Луиза Сан-Феличе. Книга 2 - читать онлайн книгу. Автор: Александр Дюма cтр.№ 35

читать книги онлайн бесплатно
 
 

Онлайн книга - Луиза Сан-Феличе. Книга 2 | Автор книги - Александр Дюма

Cтраница 35
читать онлайн книги бесплатно

Что до Джованнины, то девушка смотрела на свою госпожу каким-то странным взглядом: в нем таилась мучительная зависть. Служанка прощала Луизе ее красоту в нарядах знатной дамы, но дочь народа не могла простить ей того, что она была прелестна в одежде простолюдинки.

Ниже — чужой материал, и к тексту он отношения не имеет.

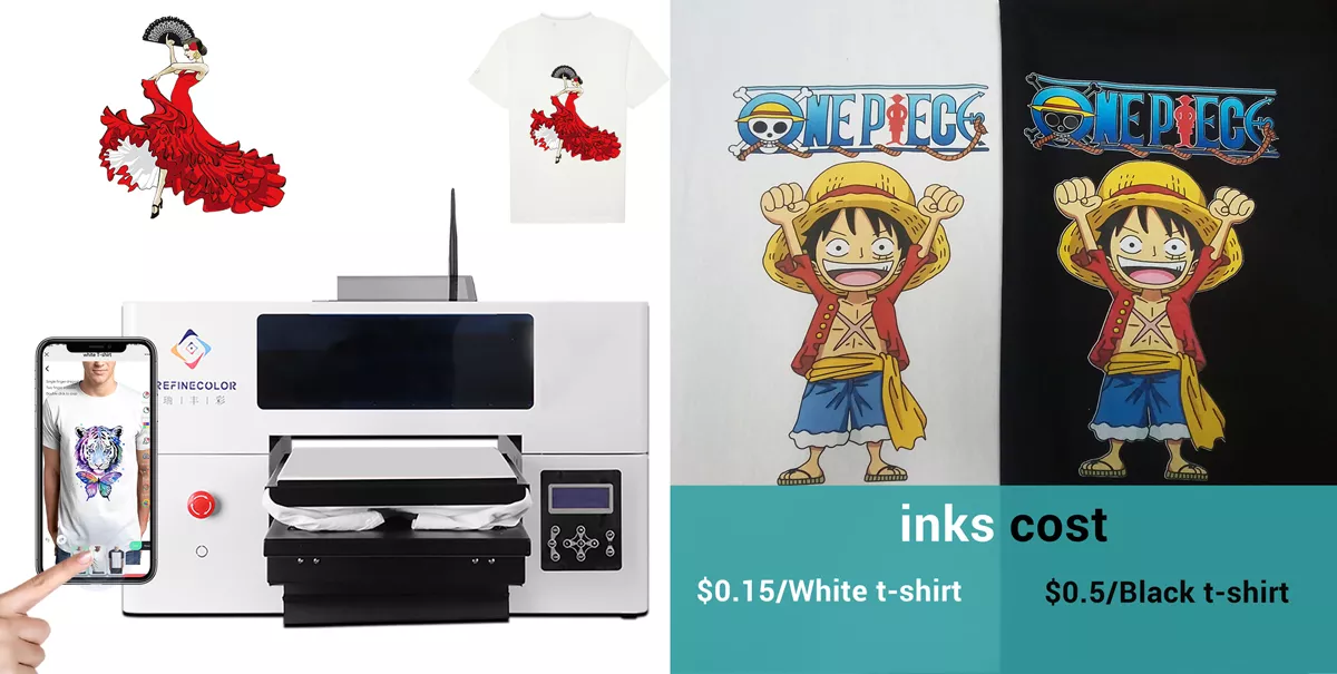 Also, we supply DTG Printer(Direct To Garment Printer), it’s A3 size DTG T-shirt printer, mainly for cotton t-shirts, White and colored available to print, printed image is super soft and comfortable.

Зато Микеле восхищался Луизой чистосердечно и простодушно и, не догадываясь, что каждая его похвала подобна удару ножа в сердце служанки, не переставал восторженно повторять на все лады:

— Нет, ты только посмотри, Джованнина, до чего она хороша! Действительно, Луиза вся светилась не только красотой, но и счастьем.

После стольких дней тоски и страданий чувство, с которым она так долго боролась, взяло верх. В первый раз она не задумываясь, не сожалея, почти без угрызений совести принимала свою любовь к Сальвато.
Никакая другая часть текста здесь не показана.